> [SUPPLIED RECORDS]
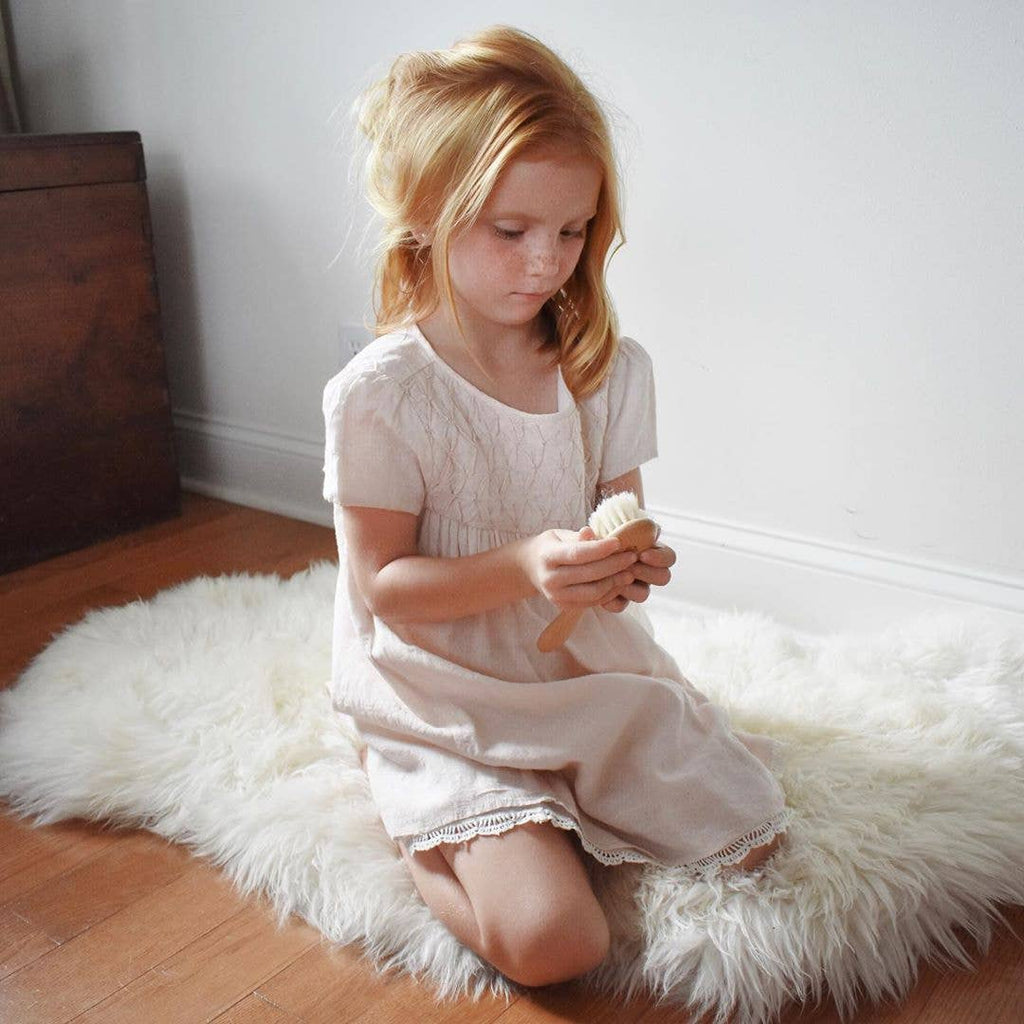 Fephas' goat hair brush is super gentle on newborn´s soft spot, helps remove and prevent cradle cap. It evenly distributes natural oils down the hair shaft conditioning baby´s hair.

...

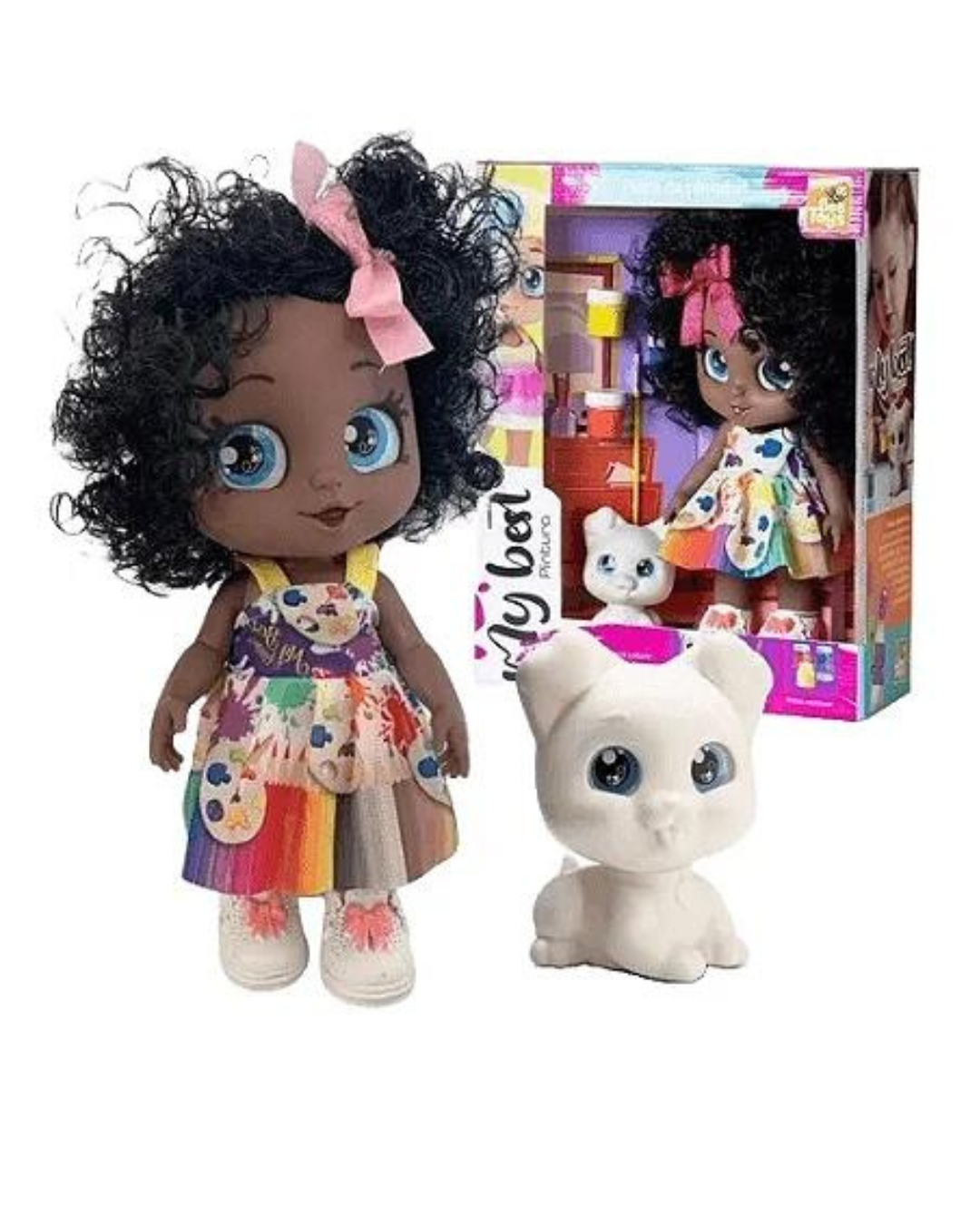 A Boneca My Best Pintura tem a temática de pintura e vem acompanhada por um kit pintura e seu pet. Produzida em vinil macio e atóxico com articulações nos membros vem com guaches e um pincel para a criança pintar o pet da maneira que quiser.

* * *

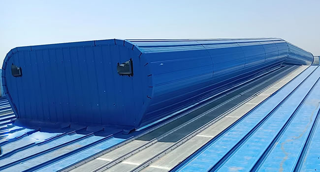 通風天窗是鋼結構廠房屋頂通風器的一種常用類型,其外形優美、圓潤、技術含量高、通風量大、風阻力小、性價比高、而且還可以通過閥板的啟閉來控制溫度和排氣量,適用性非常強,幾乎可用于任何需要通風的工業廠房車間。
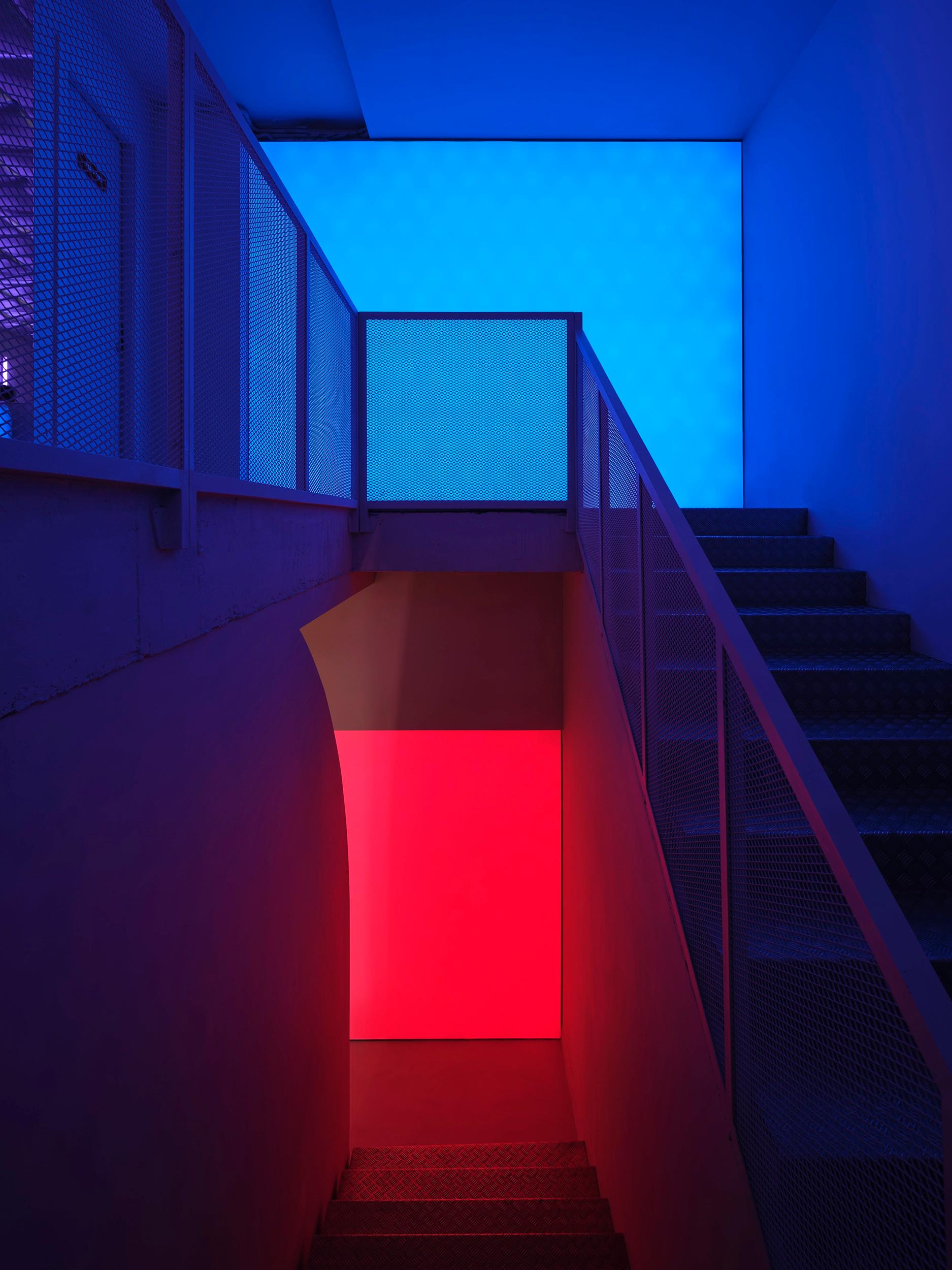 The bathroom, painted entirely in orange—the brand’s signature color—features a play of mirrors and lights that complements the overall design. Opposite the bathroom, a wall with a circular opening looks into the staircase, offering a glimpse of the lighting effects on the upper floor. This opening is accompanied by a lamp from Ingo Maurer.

> [ASSIGNED TASK] Copy exactly, without pictures, the lines above from the one with "通風天窗是鋼結構廠房屋頂通風" down to the one with "The bathroom, painted", inclusive.

> [TASK ANSWER]
 通風天窗是鋼結構廠房屋頂通風器的一種常用類型,其外形優美、圓潤、技術含量高、通風量大、風阻力小、性價比高、而且還可以通過閥板的啟閉來控制溫度和排氣量,適用性非常強,幾乎可用于任何需要通風的工業廠房車間。
 The bathroom, painted entirely in orange—the brand’s signature color—features a play of mirrors and lights that complements the overall design. Opposite the bathroom, a wall with a circular opening looks into the staircase, offering a glimpse of the lighting effects on the upper floor. This opening is accompanied by a lamp from Ingo Maurer.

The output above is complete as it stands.